Para Seguro, a prática da social democracia faz-se agora pelo “financiamento do estado social está na economia”. “Como está, vai dar asneira”, diz o socialista que defende “apoios sociais que não sejam perpétuos”. “Um país só pode discutir a distribuição da riqueza se a criar”, referiu avisando que o país tem “de se preparar para viver sem fundos comunitários” e que “há que criar riqueza”. E, depois, há que “progressivamente substituir apoios sociais, colocando mais gente a não precisar deles. Se forem permanentes são um estigma e o reconhecimento que o elevador social não está a funcionar”. “Os apoios sociais devem ser transitórios” para que “as pessoas não estejam de mão estendida”, defendeu na sessão da SEDES.

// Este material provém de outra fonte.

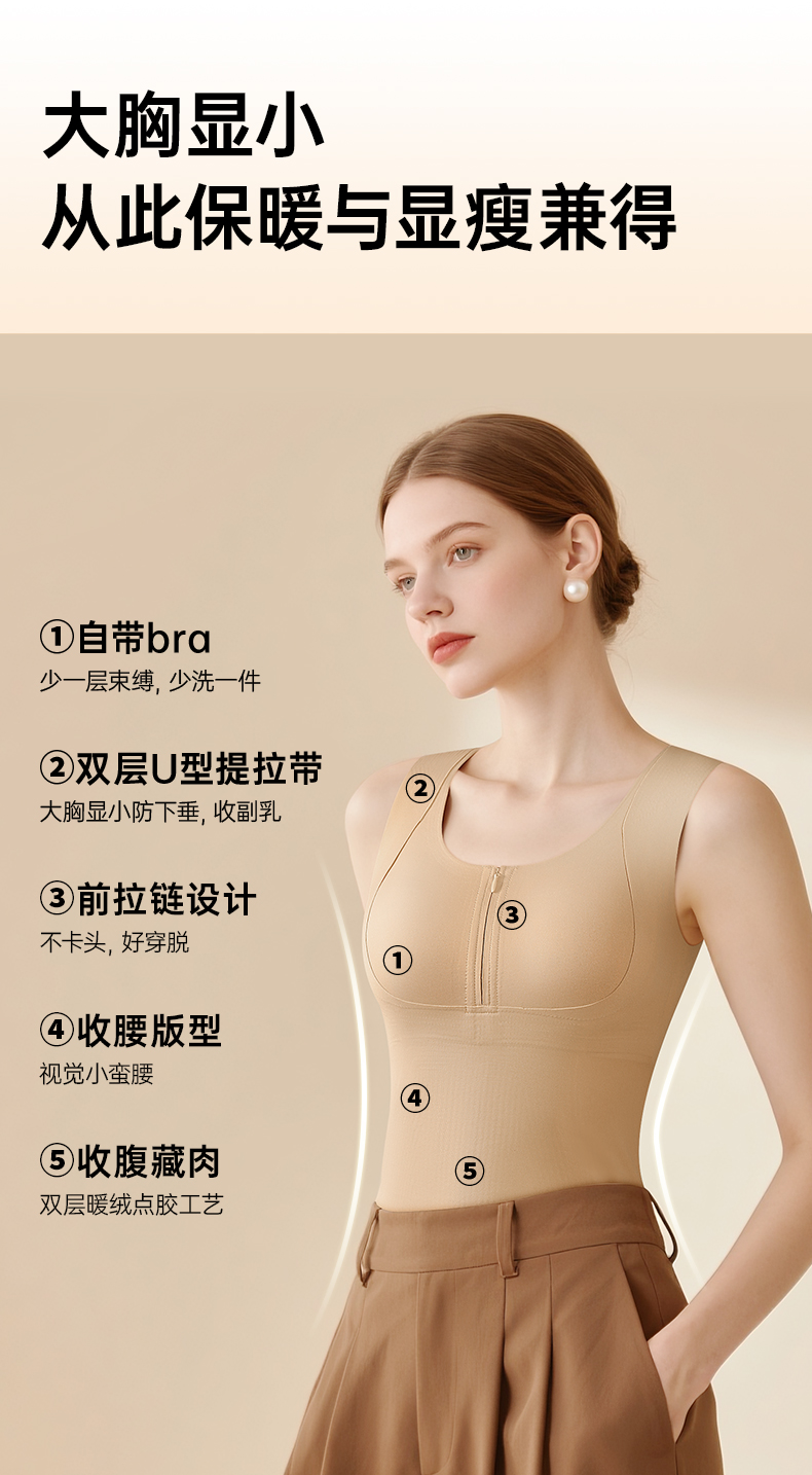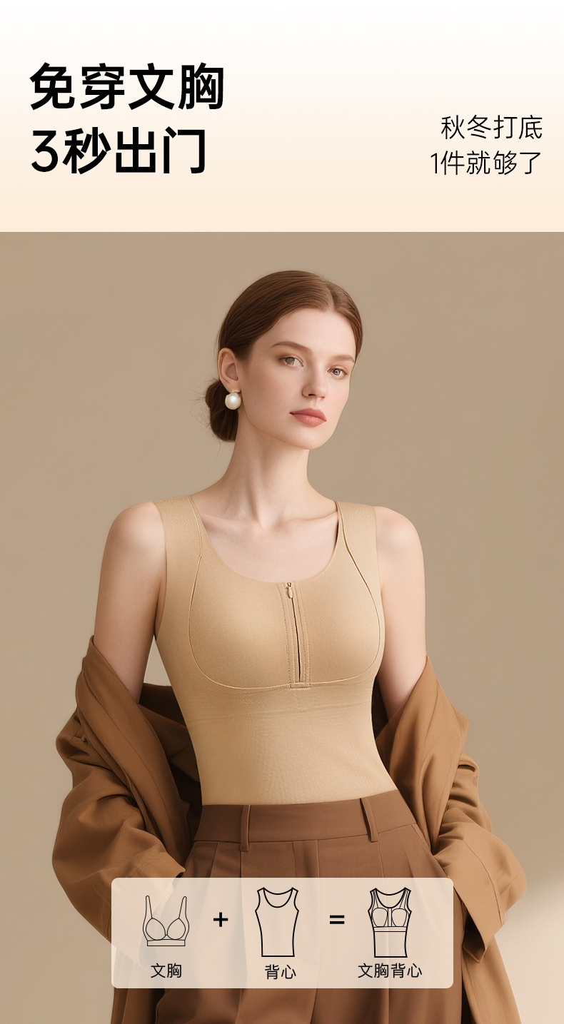 【超值2件装】【B-E杯】T1-❤【提拉显小6.0】【三合一保暖背心 】润微提拉任意提+含氨基酸护肤 +一拉美体【女神节限时补贴,可叠店铺满减券 】

Na Europa, define-se como “um federalista” e não um “aglomerado de lideranças” em que quando se liga “não se sabe quem atende do lado de lá”. Até criticou a lógica de hoje, questionado se “faz sentido ter uma União Monetária quando não há um orçamento económico”.  Queixou-se do “tempo que levou” a Europa a “responder à pandemia” e, a propósito de uma pergunta de Mira Amaral, durante o almoço-debate, ainda atirou à lógica do principal instrumento que foi produzido durante esse período, o Plano de Recuperação e Resiliência (o PRR).

O antigo ministro perguntou-lhe de que lado está, se dos empresários ou dos políticos, quanto aos investimentos do PRR. “Vejo tudo preocupado com a execução do PRR, mas ninguém preocupado com a qualidade dos investimentos financiados pelo PRR”, comentou Mira Amaral. Na resposta, Seguro disse “não alinhar com a classe política”, dizendo mesmo que na habitação o que está a ser investido é sobretudo em reabilitação e não na construção de nova habitação.

O dia acabou já perto das oito da noite e a agenda vai continuar nas próximas semanas. Seguro diz que é porque com o seu reaparecimento no espaço público tem trazido mais convites, que agora já aceita. E enquanto faz esse caminho, o conta-quilómetros das presidenciais vai contando.